▸ INSTRUCTIONS TO FOLLOW: Return the listing exactly. Keep no pictures.

▸ GIVEN MATERIAL:
········

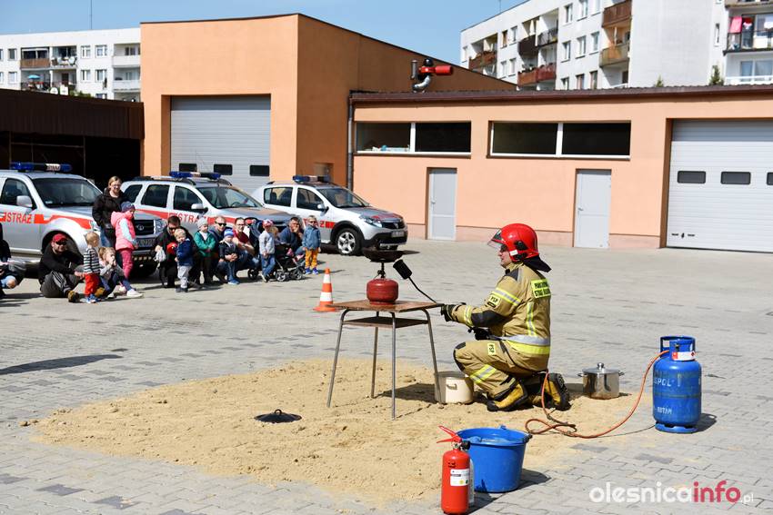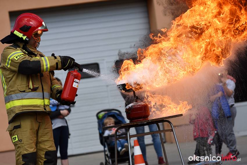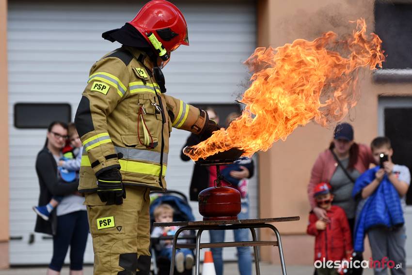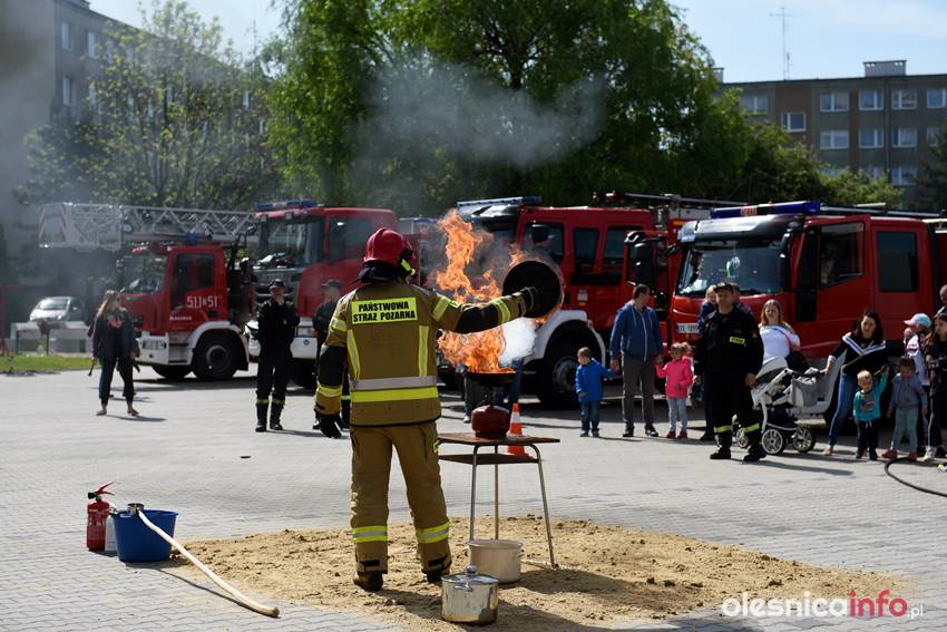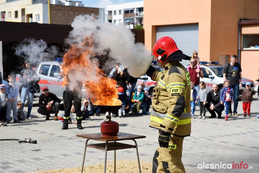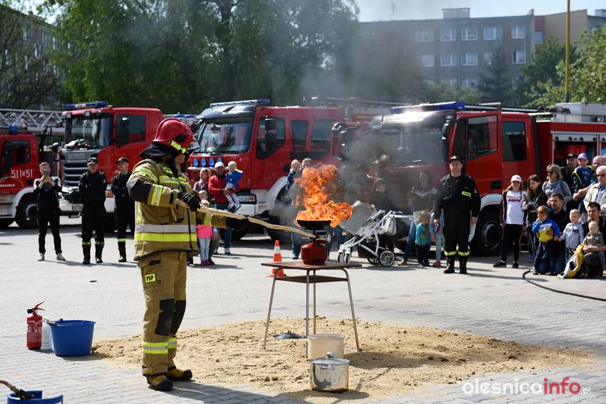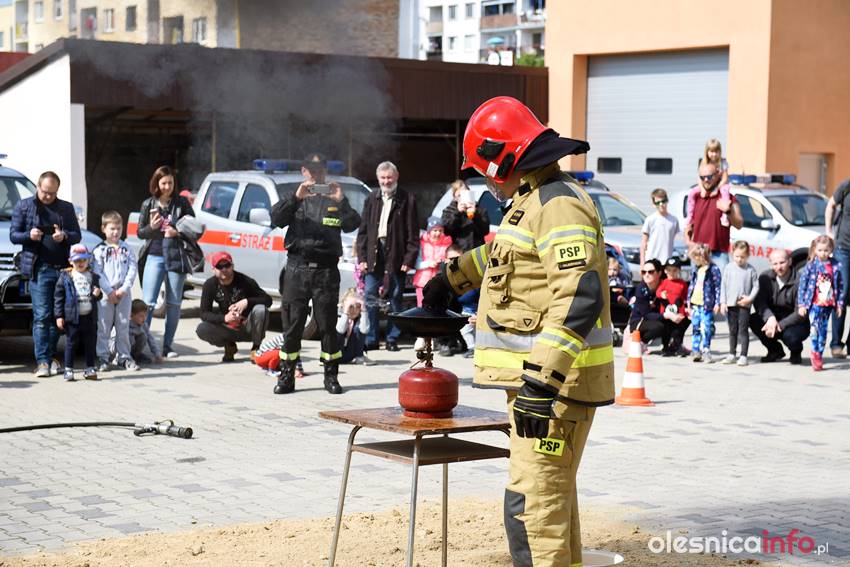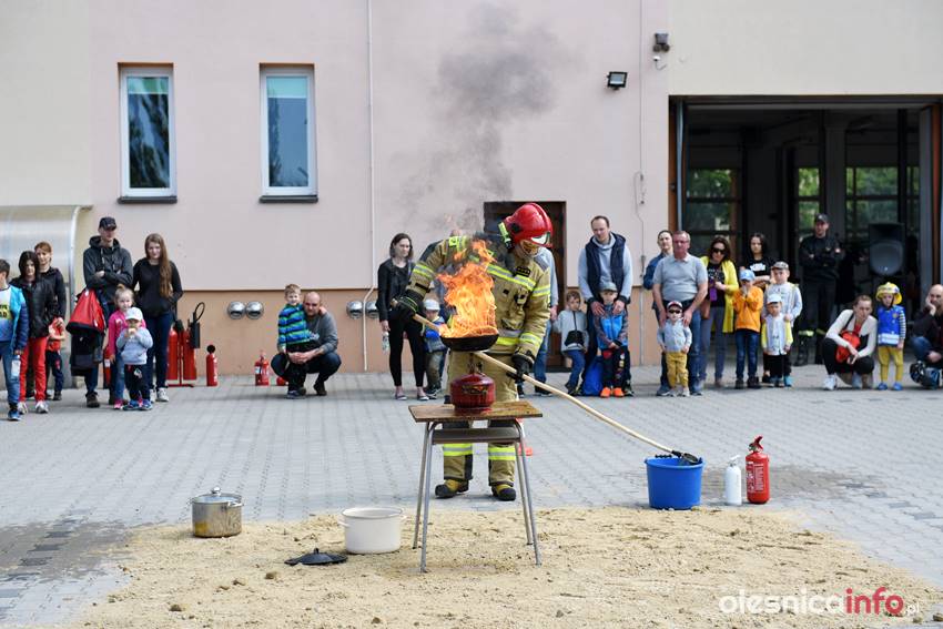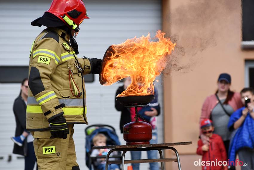 Strażacy prezentują mieszkańcom strażnicę od wewnątrz. Są też pokazy przedstawiające różne sytuacje, z którymi strażacy mają do czynienia w swojej pracy. Wśród nich była m.in. symulacja pożaru i pokaz gaszenia rozgrzanego oleju na kuchence gazowej. Szczegóły akcji omawiał Marcin Purzyński, oficer prasowy oleśnickiej komendy.
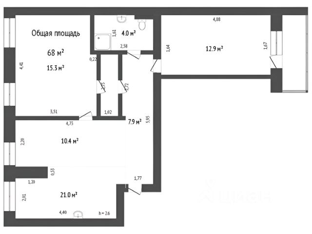 От года, комм. платежи включены (без счётчиков), комиссия 70%, залог 20 000 ₽
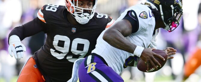 Oct 27, 2024; Cleveland, Ohio, USA; Cleveland Browns defensive end [...]
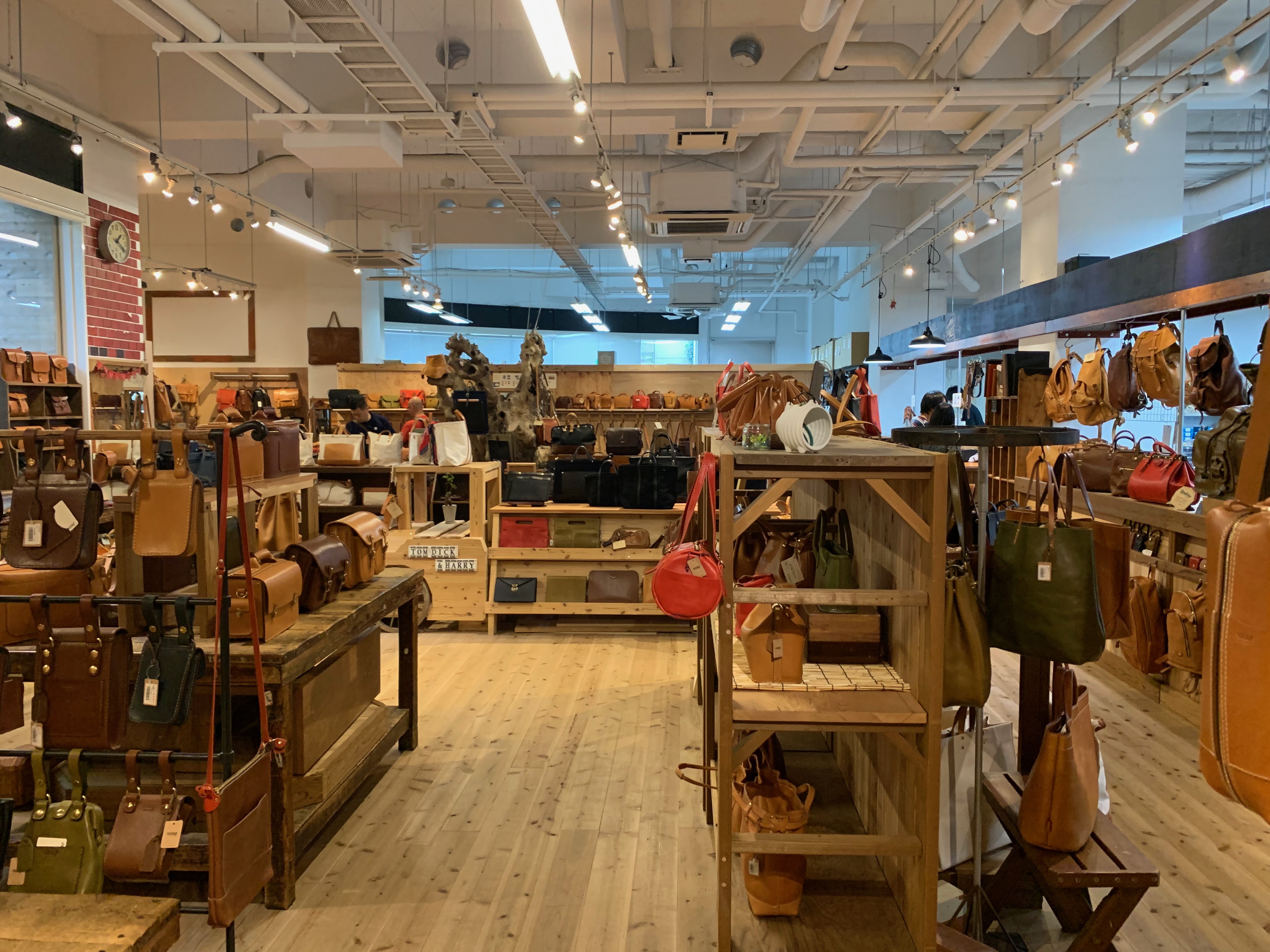 広いフロアの奥に併設された工房で実際に鞄の製作現場を、

········

▸ ANSWER BOX:
 Strażacy prezentują mieszkańcom strażnicę od wewnątrz. Są też pokazy przedstawiające różne sytuacje, z którymi strażacy mają do czynienia w swojej pracy. Wśród nich była m.in. symulacja pożaru i pokaz gaszenia rozgrzanego oleju na kuchence gazowej. Szczegóły akcji omawiał Marcin Purzyński, oficer prasowy oleśnickiej komendy.
 От года, комм. платежи включены (без счётчиков), комиссия 70%, залог 20 000 ₽
 Oct 27, 2024; Cleveland, Ohio, USA; Cleveland Browns defensive end [...]
 広いフロアの奥に併設された工房で実際に鞄の製作現場を、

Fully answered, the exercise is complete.